Photo courtesy: Jack Gruber/USA Today.
The photo above shows a Cuban lady hastily dusting off the entrance to her home just hours before the arrival of U. S. President Obama Sunday.
This Jack Gruber/USA Today photo shows a sight that tourists see on the streets of Havana. Cuban poet Orlando LaGuardia has just sold a poem and a keepsake to a tourist. Note that Orlando updated his commercial stand with a type-written note fronted by colorful Cuban and U. S. flags. The note reflected his appreciation of President Obama's visit and it thanked the President for "the respect you have shown the Cuban people. We have waited a very long time for someone exactly like you."

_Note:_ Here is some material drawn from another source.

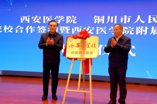 校长杨帆与铜川市副市长李荣为附属铜川医院揭牌
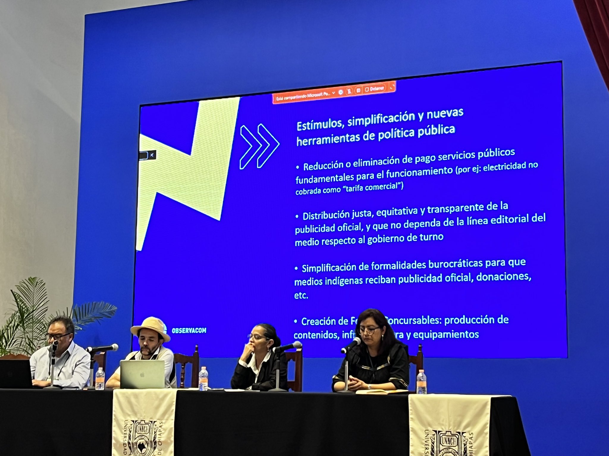 Durante el Foro Internacional de Medios Comunitarios e Indígenas realizado en Chiapas, OBSERVACOM propuso acciones afirmativas para promover la sostenibilidad de estos medios, que sugieren modificar el marco normativo para ampliar el acceso al espectro y a la publicidad oficial, simplificar la burocracia de los actos administrativos y crear fondos concursables para contenidos, infraestructura y equipamientos

President Obama is the only American president since the 1950s to have the guts, the intelligence, and the patriotism to seriously attempt to forge a truly decent, non-imperialistic relationship with Cuba. Although the remnants of the ousted Batista-Mafia dictatorship, which ruled Cuba from 1952 till 1959, still cruelly dictate most of America's Cuban policy and most of America's Cuban narrative, Mr. Obama has, with uncommon bravery and astuteness, sliced into that affront to democracy, at least to the extent he can. Because of him, the U. S. has an embassy in Havana for the first time since 1961; because of him Cubans on the island and the citizens all across the Caribbean and Latin America have a more favorable opinion of America and democracy. But on his historic three-day trip to Cuba -- from Sunday afternoon till Tuesday night -- Mr. Obama has no illusions. He is aware that this generation of Americans, like the one that preceded it, is not courageous enough nor patriotic enough to support his sane and decent Cuban policy. By the time Air Force One touched down in Havana, Havana-born U. S. Congresswoman Ileana Ros-Lehtinen had assailed him for supporting a "thug and a killer," referencing the Castro brothers. And just as Mr. Obama was arriving in Cuba Sunday, Cuban-American U. S. Senator and presidential contender Ted Cruz was also typically demeaning the President and his Office by accusing him of "legitimizing a brutal regime." Such comments are designed to legitimize the thuggish killers in the Batista-Mafia regime, first in Cuba and then in the U. S., while also perpetrating a Cuban policy that sates the revenge, economic, and political appetites of a few. While most Americans, most Cuban-Americans, most Latin Americans, and almost all citizens of the world approve of Mr. Obama's Cuban overtures, they are doomed to failure, for two reasons: {1} This generation of Americans lacks the courage to support Mr. Obama; and {2} punishing Cubans on the island and enriching a handful of Cuban-Americans is now deeply ingrained in both the American democracy and the American psyche.
So, forget what Obama says in Cuba.
Just let Cruz and Ros-Lehtinen dictate the Cuban narrative.